Rientrando in albergo, rimango travolto da ragazzi di tutte le razze che si trascinano da una discoteca all’altra. Bergen è soprattutto una città universitaria. Ed è così bella che non ho ancora voglia di dormire. Il mio albergo è vicino alla Johanneskirken, aperta in quella sera per permettere le prove del coro: a mia ultima visita, prima della notte (ah, finalmente, dopo una settimana, rivedo il buio dopo le 23.00).
Il mio ultimo giorno inizia presto, salendo sulla collina di Fløyden con la funicolare.
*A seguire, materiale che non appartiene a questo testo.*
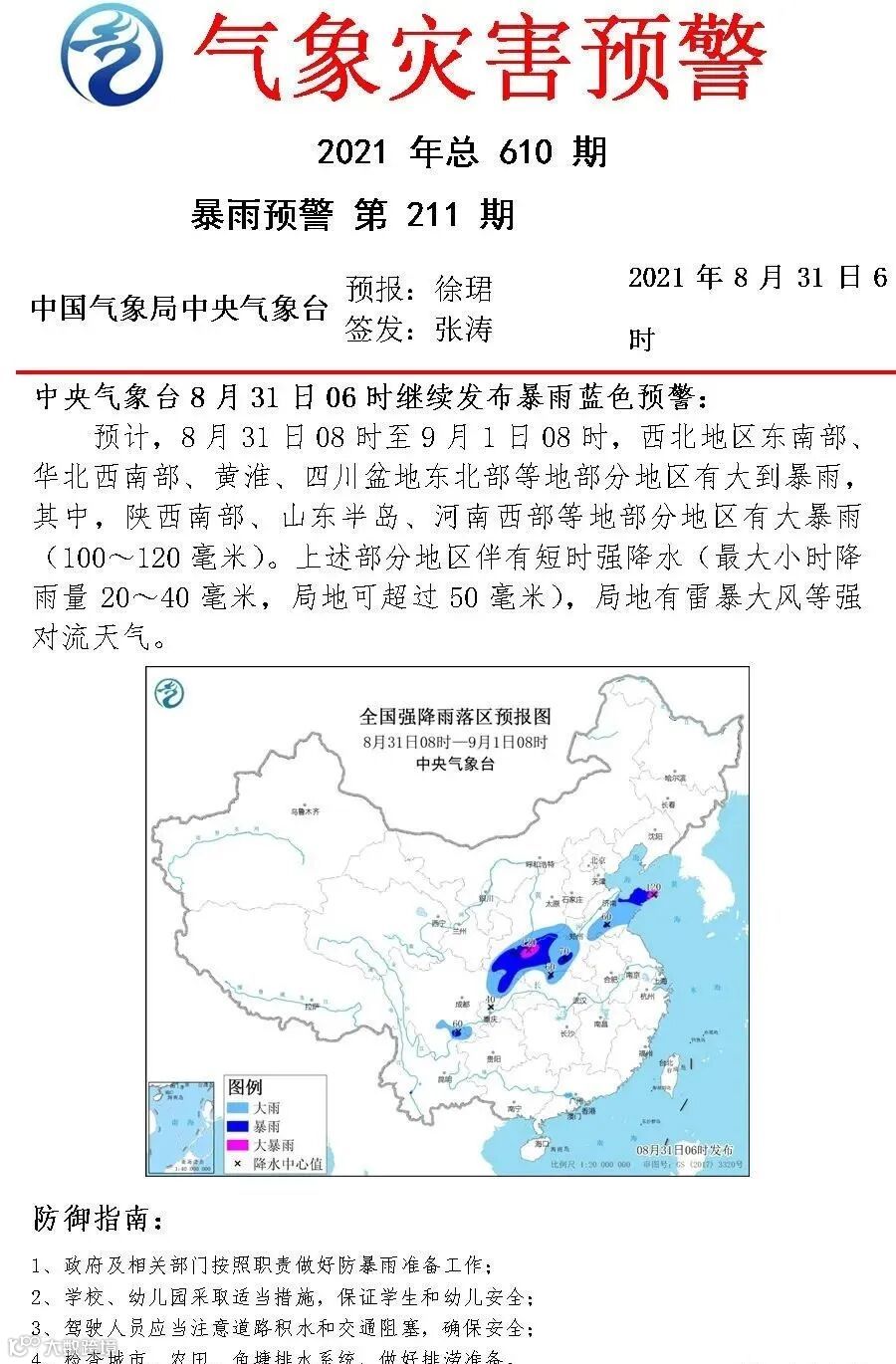 中央气象台8月31日06时发布暴雨蓝色预警: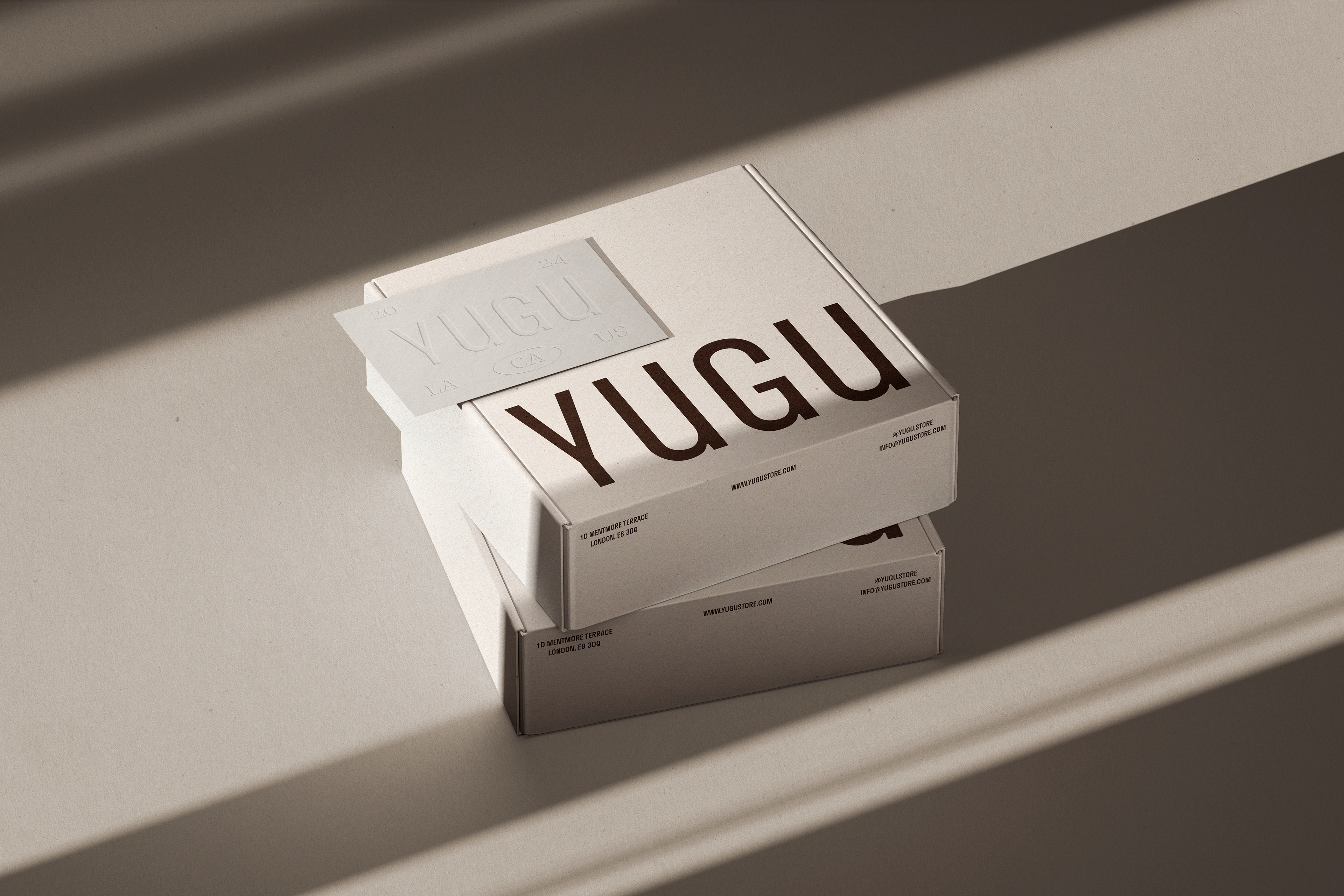 엠보싱 기법을 활용해 'YUGU' 로고에 촉각적 경험을 더했으며, 이는 명함을 손에 쥐는 순간 브랜드의 섬세함과 품질을 직접 느낄 수 있도록 한다. 전체적으로 고급스러우면서도 접근 가능한 편집샵의 이미지를 시각적·물리적으로 구현했다.

La scelta di arrivare alle 10:00 alla stazione di partenza risulta appropriata in quanto anticipo la pioggia e, soprattutto, la coda immensa che noto al mio rientro un’ora e mezza dopo. Pago il biglietto di sola andata per rientrare a piedi in città dalla collina. Sulla vetta il panorama è favoloso. Sarebbe anche il punto di partenza per molte escursioni nel bosco ma non ho molto tempo, dovendo dedicare solo più un giorno a Bergen ed osservando i nuvoloni neri in avvicinamento. Mi incammino così per l’unico sentiero che mi è concesso, quello che mi riporta nel centro della città in circa tre quarti d’ora di passeggiata in mezzo al verde ed attraverso un delizioso quartiere residenziale fatto di eleganti casette di legno.
Torno in centro insieme al temporale. I musei mi salveranno. Mi incammino subito al Museo della Lega Anseatica che mi spiega la storia e mi fa entrare nelle stanze delle casette di Bryggen come dovevano essere ai tempi della Lega. Il museo è stupendo ed è una tappa fondamentale nella visita della città. Il biglietto comprende anche la visita ad una vecchia casa patronale ricostruita perfettamente.
Mi riparo dalla pioggia trascorrendo il pomeriggio al KOBE, l’enorme museo d’arte della città, un doveroso omaggio all’arte nordica con tutti gli artisti più importanti e stanze intere dedicate ai soli Edward Munch, Johan Christian Dahl e Nikolai Astrup.
La sera mi cerco un elegante ristorantino per chiudere in bellezza con una costosa ma appagante cena.
Il mattino riparto per Milano Malpensa con scalo a Copenaghen e chiudo così la mia navigazione verso nord.